In McClain v. Sav-On Drugs, the Supreme Court today holds that consumers who assert they were incorrectly charged sales tax — technically, a sales tax reimbursement to the seller that pays the tax — cannot require the seller to demand a refund from the state. The court’s unanimous opinion by Justice Goodwin Liu declines to extend its 1974 decision authorizing a customer to sue when the state has already adopted specific rules to provide refunds to overpaying customers. Such a suit is a “judicially created remedy [that] is available only when the issue of taxability has already been resolved,” and even then “only rarely.” The court also concludes that the absence of that remedy here doesn’t violate the consumers’ due process rights nor does it effect an unconstitutional taking.

The court says aggrieved consumers are not without remedies because they can urge the state’s taxing authority to initiate an audit or a deficiency determination, or they can challenge in court the validity of any tax regulation.

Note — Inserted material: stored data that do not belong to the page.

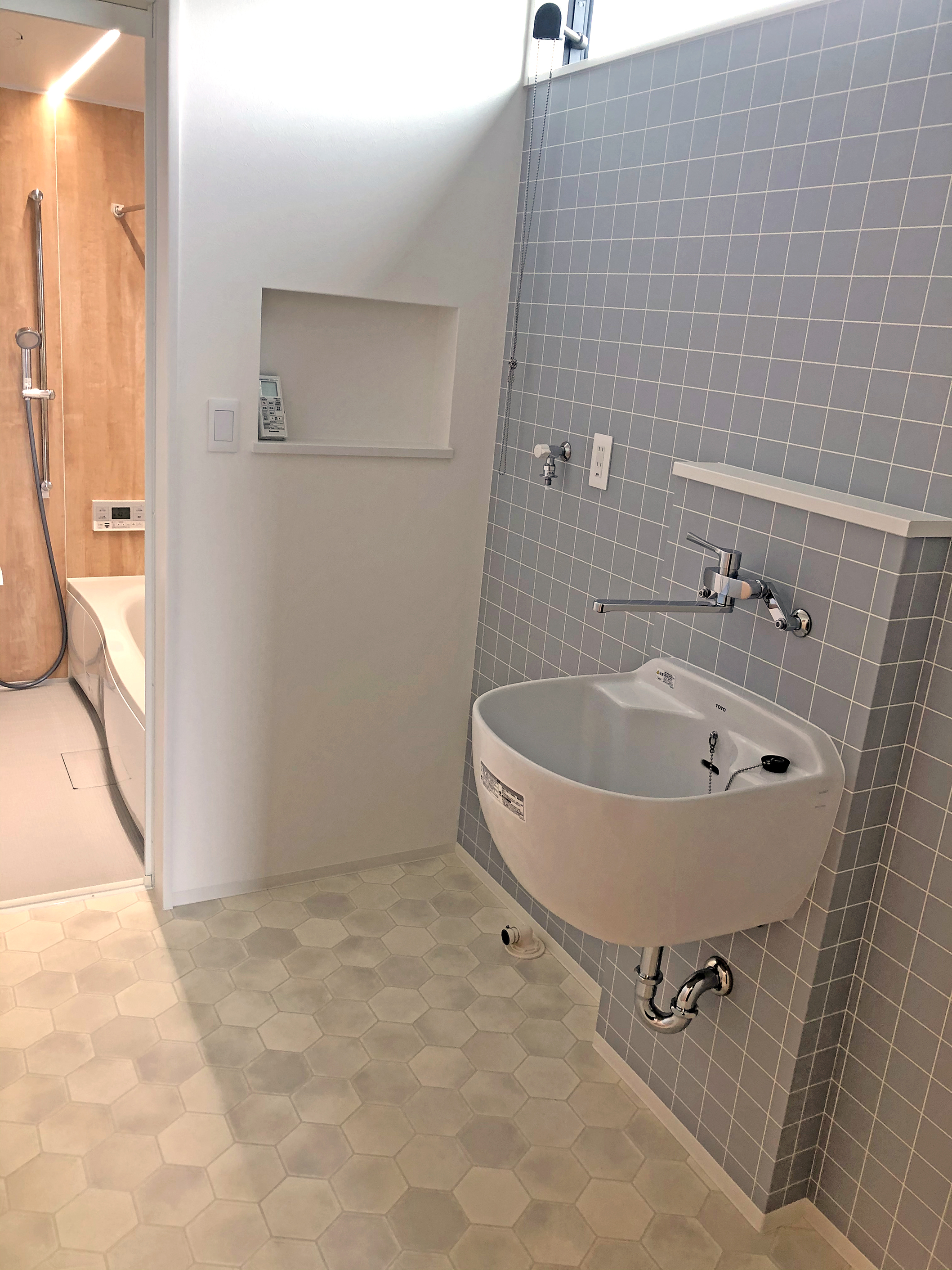 脱衣室には、底の深いスロップシンクを設置。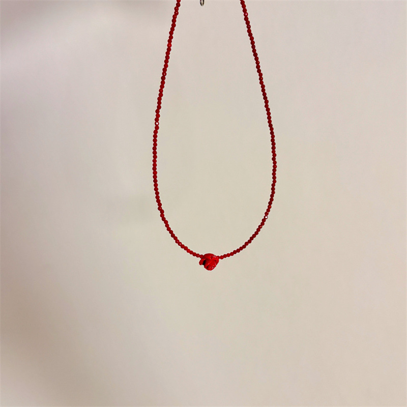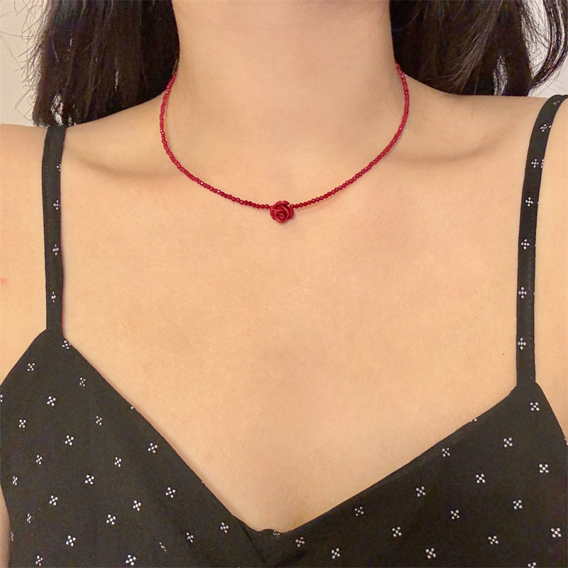 韩国东大门小玫瑰花朵串珠项链少女感时尚个性甜美颈链锁骨链潮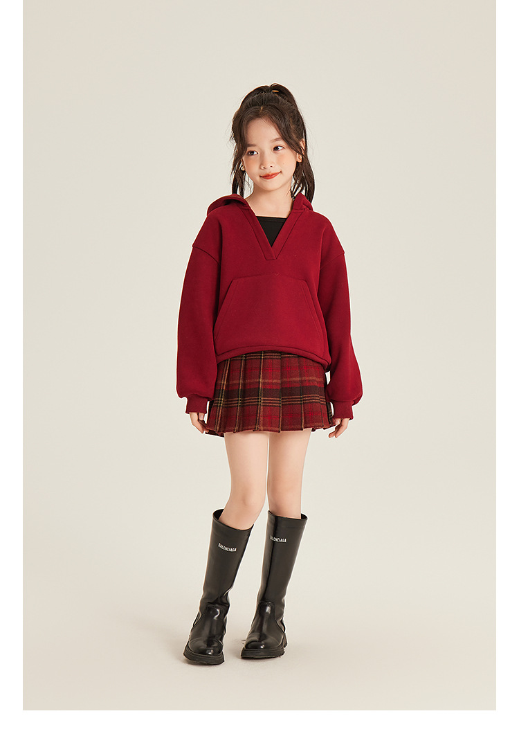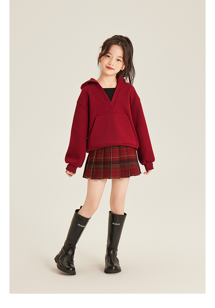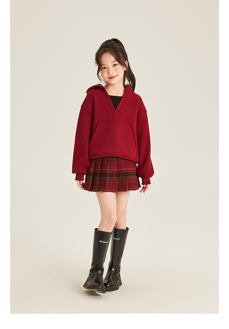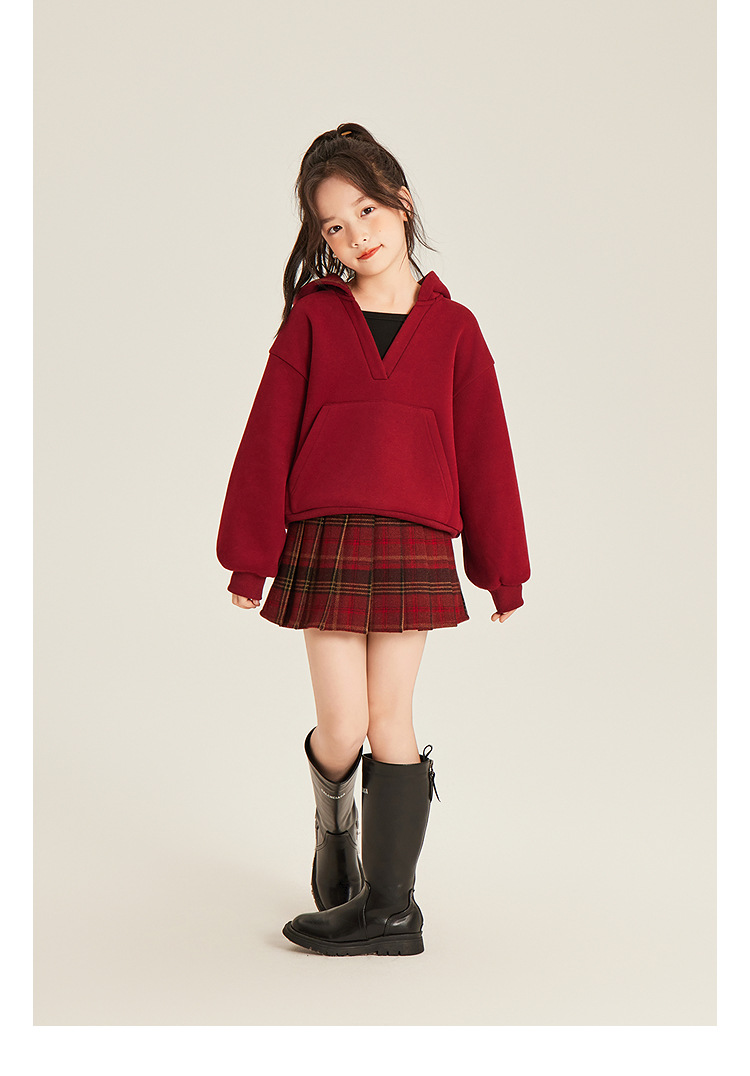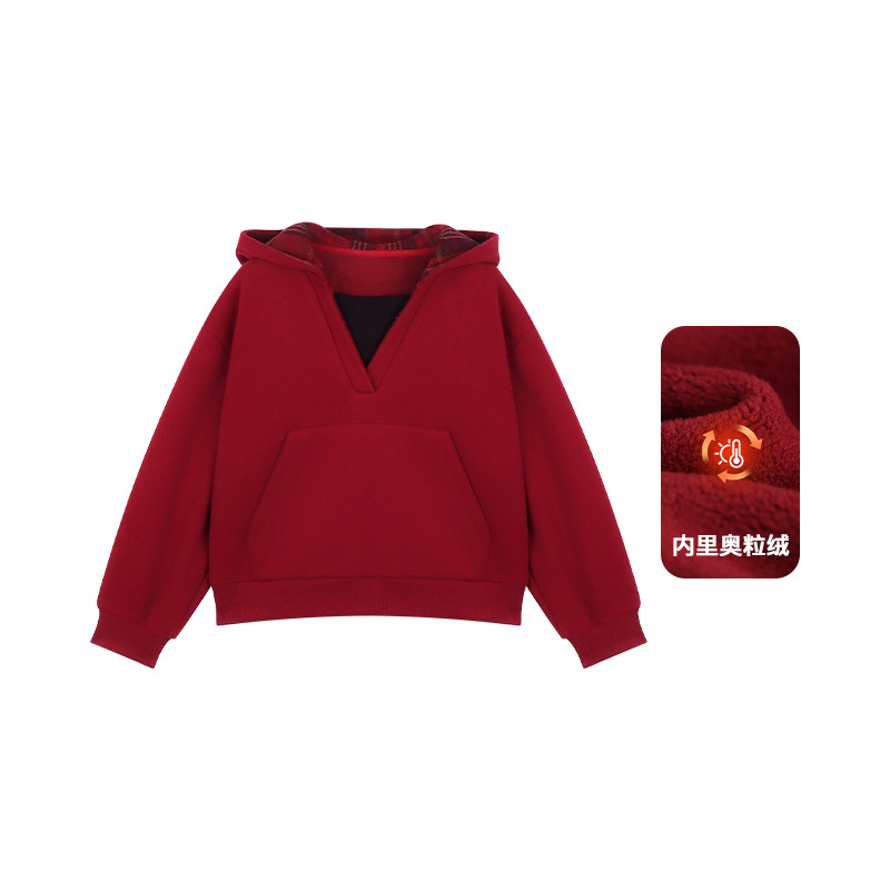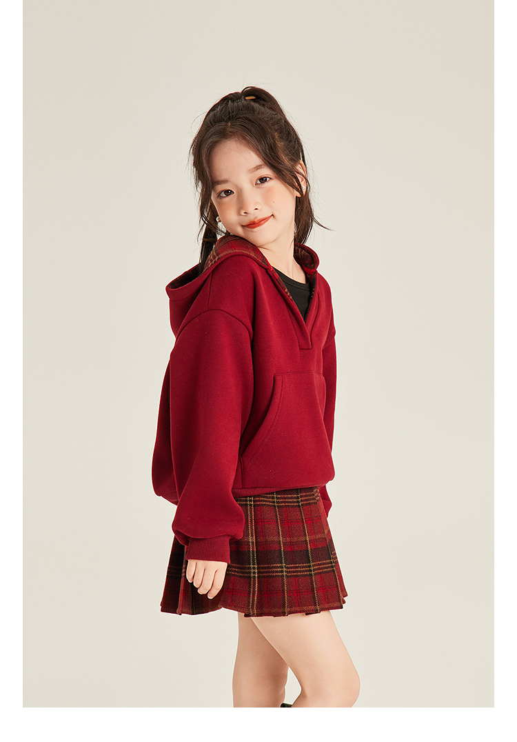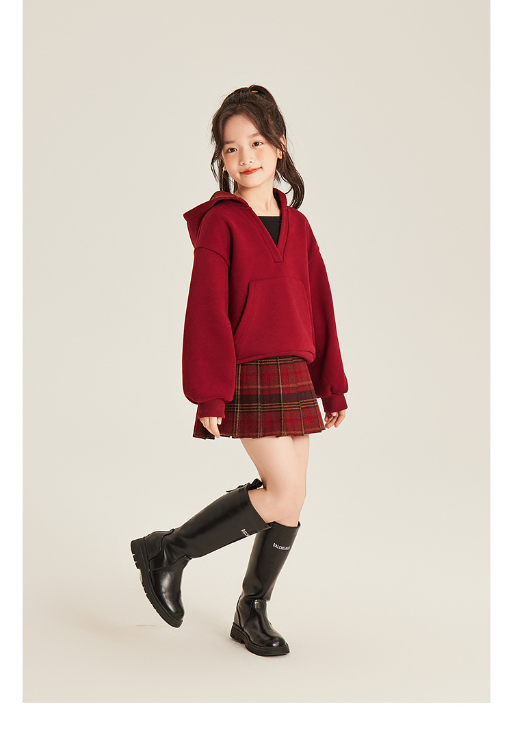 Amybaby Girls 'Top Winter 2024 새로운 캐주얼 따뜻한 게으른 새해 붉은 느슨한 후드 땀스토어 가기

Although all seven justices sign the court’s opinion, a majority of four issues its own concurrence. (That happens occasionally.) Authored by Justice Leondra Kruger (and signed by Justices Carol Corrigan and Ming Chin and pro tem Justice Kathleen O’Leary), the separate opinion cautions against treating as prerequisites to a lawsuit the pursuit of the alternate remedies mentioned in the court’s opinion, because taking those steps still might not be enough. Justice Kruger writes that “any cause of action to compel retailer refund suits will create a certain amount of tension with a statutory scheme that presumes goods are taxable [citation], and empowers the retailer to waive a potentially applicable tax exemption if it so chooses.”

The court affirms the Second District, Division Eight, Court of Appeal.